Where Should We Live?

In the early aughts Raymond was the psychic to the NYC media elite. He lived in a townhouse in the west village and his partner would buzz you in and you’d bring photos of your friends and family and Raymond would tell you your life. I never went to him but my assistant went so often I had to stage an intervention and my best friend Dorothy went once and when Raymond saw her photos he pointed to our friend Katherine and said “she will do anything to be married” which turned out to be 100% true, and he pointed to a photo of James and me, newly engaged, and said “those two are still on fire. Tell them Connecticut.”

Who knew that the matter of where we would live would be the defining question of our 19-year marriage? Not us. We left NYC with our hair on fire when JW was 6 months old because JW had colic, I was in the midst of full blown postpartum anxiety disorder and still had to show up at Teen Vogue and be amazing, and we were living in a 1-bedroom apartment. James and I made the decision to leave our lives and careers in NYC one evening where all of life’s major decisions are made: The Dublin House. “I want to move back to Virginia,” I said and James paused, beer half way to his lips, looked into my eyes and said “Okay,” and two weeks later we were loading up all our earthly possessions into a U-Haul destined for my parent’s basement in Northern Virginia. James did a phone interview while we drove down the New Jersey Turnpike and got the goddamn job. One week after leaving New York we knew we’d made a huge mistake, but we lived in Virginia for the next 12 years. Not one day went by when we didn’t discuss where we wanted to live. It wasn’t there.

Moving to Amsterdam was one of the greatest things that has ever happened to me, and probably us. I’ve spent the past 5 years healing, resting, finding joy and inspiration in this magical land that has given me everything my heart could ever desire. But now we find ourselves at another crossroads and the question of where should we live has again risen to the surface.

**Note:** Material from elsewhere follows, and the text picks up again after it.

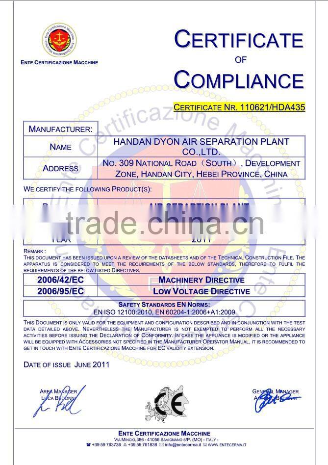 Home > Products > Small scale Air separation plant > China Handan Dyon Air Separation Plant

JW has one more year of high school and is looking at Universities in the US and in Europe. Amsterdam has gotten even more expensive, and our landlord wants to sell our apartment, which needs literally millions of euros worth of repairs — it is a gorgeous gothic masterpiece adjacent to the Vondelpark in Oud Zuid, the fancy part of Amsterdam, and it is crumbling down around our ears. We can neither afford to buy, nor fund this insatiable money pit so we’d have to move and I don’t know if I want to live here if I don’t live in this house. I’ll have to write more about that later — there’s a lot to say about this. We are now eligible to apply for permanent residency here but we have not progressed enough in our inburgering to pass the 5 required tests for residency. Our Dutch is still dismal. I don’t want to talk about it.

Also, I am lonely.

The thing is, I am convinced I am destined to be lonely as I have been lonely my entire life. It is a condition both of my own making and because of how my brain is wired. JW’s late ASD diagnosis has also revealed many things about how my own brain works and why I’ve always felt at odds with the world and the people in it. Since moving to Amsterdam I’ve been intentional and deliberate about who I spend time with, and as a result I spend a lot of time alone. Lately I’ve been thinking I want to be around people more but for me that means being around specific people, and those people live in Charlottesville, Virginia.

Fucking Virginia.

I hate Virginia. I hate the weather, I hate the politics, I hate the racism, I hate how scared it makes me feel for our LGBTQ+ kid, I hate the suburbs and traffic and all the bugs and pretty much everyone who lives there. (I may not hate you, you can ask me if you are worried about it and I’ll tell you.) I hate my traumatic family history in Virginia that spans both my adolescence and post-NYC adult life. I hate the memories it holds. I hate the way it makes me feel. I hate the way it makes me behave. I hate that I keep thinking of it as my “safe”haven for when my life falls apart, when it has never been that.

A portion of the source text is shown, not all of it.